Big Regular Expression Fan, 22July2003: Not exactly.
foo(?=bar) will match "foo" only if "bar" follows it. For example:
http://(?=www\.)
The RE above will only find Web addresses whose sub domain is 'www'.
foo(?!bar) will match "foo" only if "bar" does not follow it. So, conversely,
http://(?!www\.)
...will only find Web addresses whose sub domain is NOT 'www'.
f(?<=foo)bar will match "bar" only if "foo" precedes it. For example:
(?<=http://)ftp\.
The RE above will only find Web addresses whose sub domain is 'ftp', but their protocol actually is 'http'.
(?<!foo)bar will match "bar" only if "foo" does not precede it. Therefore, conversely,
(?<!http://)ftp\.
...will only find Web addresses whose sub domain is 'ftp', expressely ruling out any one whose protocol is not 'http'.
Of course, in many cases they can be interchanged. You can say http://(?=ftp\ .) instead of (?<=http://)ftp\ .. But that may force you to look for what you really want "backwards", so to speak. I've actually encountered situations in which I could not do without "look behind assertions", but I cannot recall any of them right now. Stay tuned to this page. Breaking news at any moment.
Meanwhile, check out this beautifully formatted page: http://www.slabihoud.de/spampal/pcrepattern.html
DKF notes that look-behind assertions could probably be added to Tcl's RE package without stomping over the theoretical basis for it in any way worse than look-ahead assertions already do. But it would take some work from someone energetic...
Lars H, 2007-12-31: One thing I find a bit curious about the ARE lookaheads is that they are not limited to the subregexp in which they appear —
((?=foo)[a-z]+)o
matches "foo" with the capturing subexpression matching only "fo". This makes (?=…) different from & of the grammar_fa regexps, and similarly (?!…) different from what can be done with the grammar_fa !. I suspect the PCRE lookaheads are like the ARE ones, but you might want to check.
Info copied from Regular Expressions page:
Most common regular expression implementations (notable perl and direct derivatives of the PCRE library) exhibit poor performance in certain pathological cases. Henry Spencer's complete reimplementation as a "hybrid" engine appears to address some of those problems. See [L1 ] for some fascinating benchmarks.

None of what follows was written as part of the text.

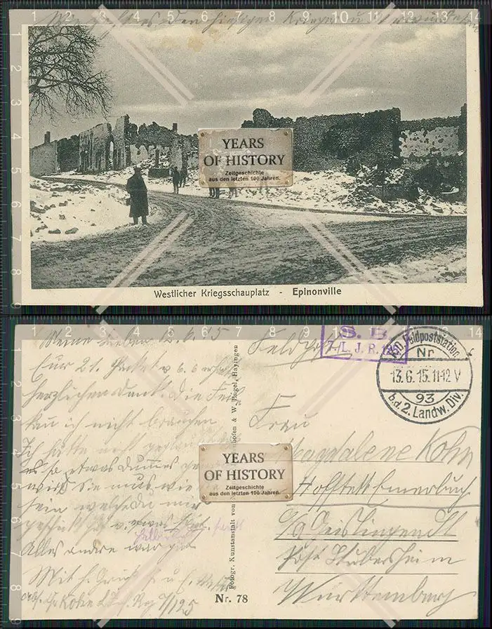 AK 1. WK Epinonville Meuse Zerschossene Häuser Kriegszerstörungen Feldpost 1915 gel. M2023-12-23-027AK 1. WK Epinonville Meuse Zerschossene Häuser Kriegszerstörungen Feldpost 1915 gel.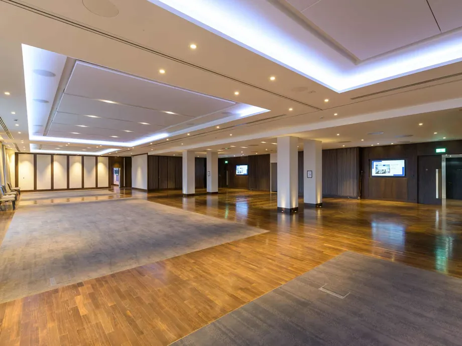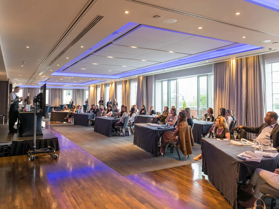 Following £280k of AV investment in 2019, the room now offers endless digital opportunities, with large screens and 4k video walls enabling every delegate to have full visibility when the room is used in landscape format.

Lars H: One point here, if I read the PCRE manpages correctly, is that the "alternative" matching algorithm of PCRE (FA-based, hence linear time) cannot do capturing parentheses. The paper quoted above does however contain a remark that it is perfectly possible for FA-based RE engines to do capturing parentheses.

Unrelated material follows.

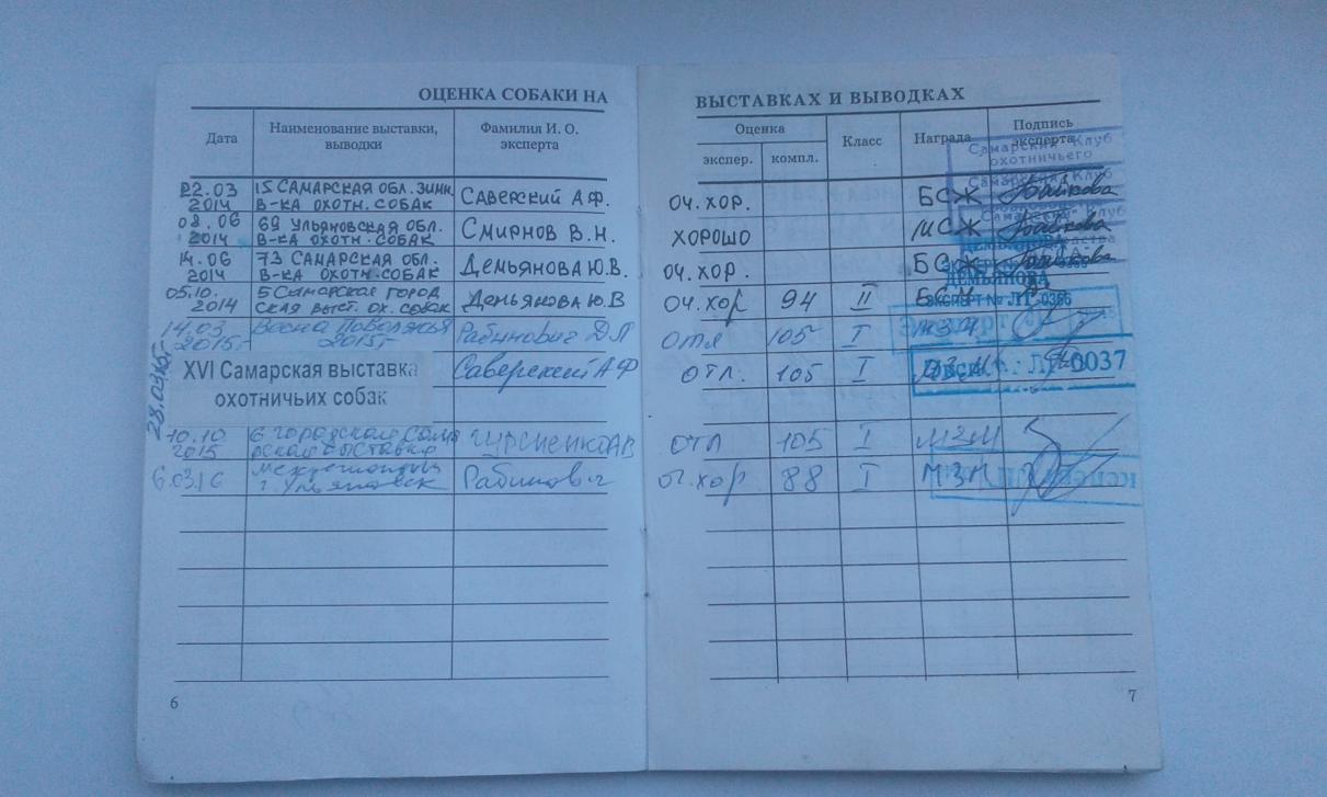 Порода: КУРЦХААР Дата рождения: 21 мая 2016 года В продаже: кобель - 4 (3 кофейных,1 в крапе); сука - 3(2 в крапе, 1 кофейная) Место нахождение щенка: г. Тольятти Вязка спланирована племенным сектором секции ЦКОС Волгоградского ОООиР Цена: 30.000 (разумный торг) комплект документов : РКФ,РОРС Владелец: Чепурных Павел тел. 8(917)1403025,8(927)8918376, 8-9879-619439 Татьяна. Мать: Еврона - 01.05.2013 г.р. ВПКОС 4261/14, РКФ 3825292; вл. Чепурных П.В Окрас: кофейный. Экстерьер: отлично. Племенной класс: первый. Полевые дипломы:1-ДIII,1-ДII-тетерев, 4-ДIII перепел,1-ДII,1ДIII утка1-,ДII куропатка. 3-место на Ежегодных состязаниях МОКО "Немецкий курцхаар" по перепелу 12-14 июня 2015. от: О. AMIGO Z CZARNEGO DWORU UKU 0014087 Гапон А.А М. Карма ВПКОС 3452/09 Вл.: Карпухин И.М 5-д III п/д,3-д IIу,1-III у,3-д III к/с,III-волок Отец: Сарбон 15.06.2010г.р. , ВПКОС 3998/13. РКФ 2743905 вл. Апраксин А.В. Кофейно пегий в крапе. Экстерьер: отлично. Племенной класс: Элита. Титулы: Серебренный призёр на Волгоградских состязаниях пополевой дичи 13-14 апреля 2013г Полевые дипломы: 1-II,5-дIII п/д , 1-II,1-II утка от: Отец- п.п.БЕРТ ВПКОС 3273/07 Владелец: Штепа Алексей Александрович мать-МЕРСЕДЕС ВПКОС 3451/09 Владелец: Кречин Андрей Васильевич Последний раз редактировалось mazdred; 22.05.2016 в 22:52. |

Note on theoretical background: The classical approach to regular expressions, by way of finite automata (FA), is about checking whether a string (or "word", as it tends to be called in the theoretical literature) in its entirety matches a regular expression (like including ^ and $ in every regexp). It is fairly easy to modify the setting so that one gets a "searching" regexp instead (add .* at the beginning, stop when reaching an accepting state), but finding what subexpressions were matched is nontrivial.

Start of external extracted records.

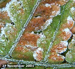 9 November - No pictures today but a couple of things to record. There was no repeat of yesterday's wintery blast but it has remained cold all day. The bird-bath was iced over for the first time this morning. I was out for several hours in the day but while I was here I saw feeding visits by a Goldfinch, Wood Pigeon, Great Tit, Dunnock and Coal Tit (in addition to the 'usuals'). 14 November - In the last couple of days things have been very quiet. It has remained quite cold and last night the bird bath froze over for the second time. As I write this at 10am the Hawthorn is alive with restless sparrows that are enjoying the bright sunshine of a cloudless morning. So far, the only other birds to appear in the garden this morning have been a few Blue Tits, a pair of Great Tits and a Goldfinch (up in the conifers). ! have not noticed any new larger fungi appearing in the garden of late. However close inspection of the leaves left on the Birch tree has come up with a couple of very small types.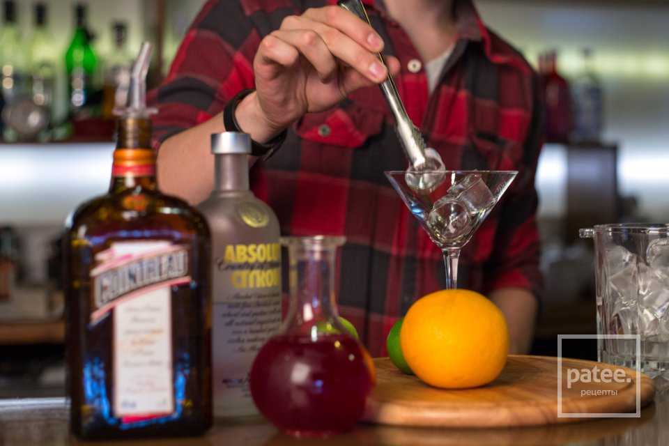 Остальные ингредиенты добавляют в коктейль космополитен по рецепту.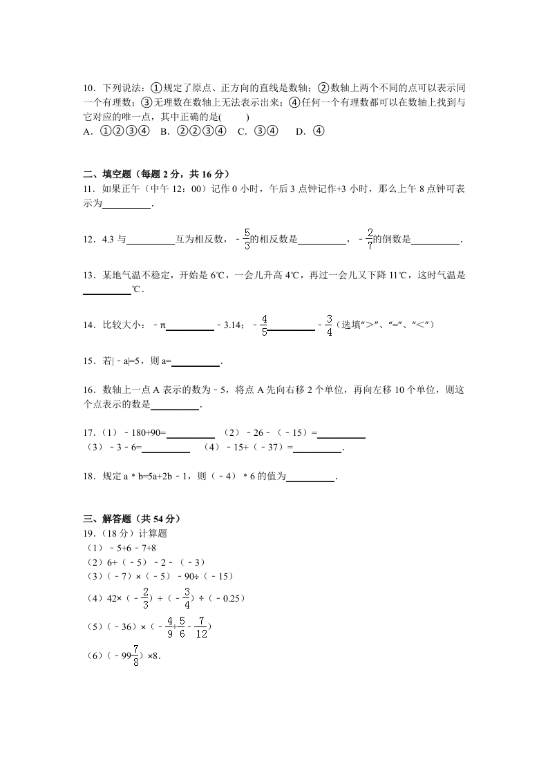2015-2016学年江苏省无锡市宜兴市丁蜀学区六校联考七年级(上)第一次月考数学试卷一、选择题(每小题3分,共30分)1.下列说法正确的是()A.整数就是正整数和负整数B.分数包括正分数和负分数C.在有理数中,不是负数就是正数D.零是整数,但不是自然数2.下列各数中,在-2和0之间的数是()A.-1B.1C.-3D.33.在下列数-兰,+1,6.7,-14,0,22-5,25%中,属于整数的有(A.2个B.3个C.4个D.5个4.某天上午6:00柳江河水位为80.4米,到上午11:30水位上涨了5.3米,到下午6:00水位又跌了0.9米,下午6:00水位应为()A.76米B.84.8米C.85.8米D.86.6米5.任何一个有理数的绝对值一定()A.大于0B.小于0C.不大于0D.不小于06.一个数的相反数比它的本身大,则这个数是()A.正数B.负数C.0D.负数和07.下列运算正确的是(.1,1.150D.-244A,92x2-9B.的(3=1C,6111-88.下列结论正确的是()A.两数之和为正,这两数同为正B.两数之差为负,这两数为异号C.几个数相乘,积的符号由负因数的个数决定D.正数的任何次幂都是正数,负数的偶次幂是正数9.如图,根据有理数a,b,c在数轴上的位置,下列关系正确的是()da o b→A.c>a>0>bB.a>b>0>cC.b>0>a>c D.b>0>c>a

More features from PCRE...
As a side note on recursive matching, that alters the language from being expressible with a Finite Automaton to requiring a full Turing Machine, and hence not an RE language any more but a full programming language with a horrible syntax. If you want that sort of power, use Tcl for real. :^D
Lars H: You're sure it doesn't just change the language into context-free or context-sensitive [L2 ]? Not that a linear-bounded non-deterministic Turing machine should be much better than the full thing, though.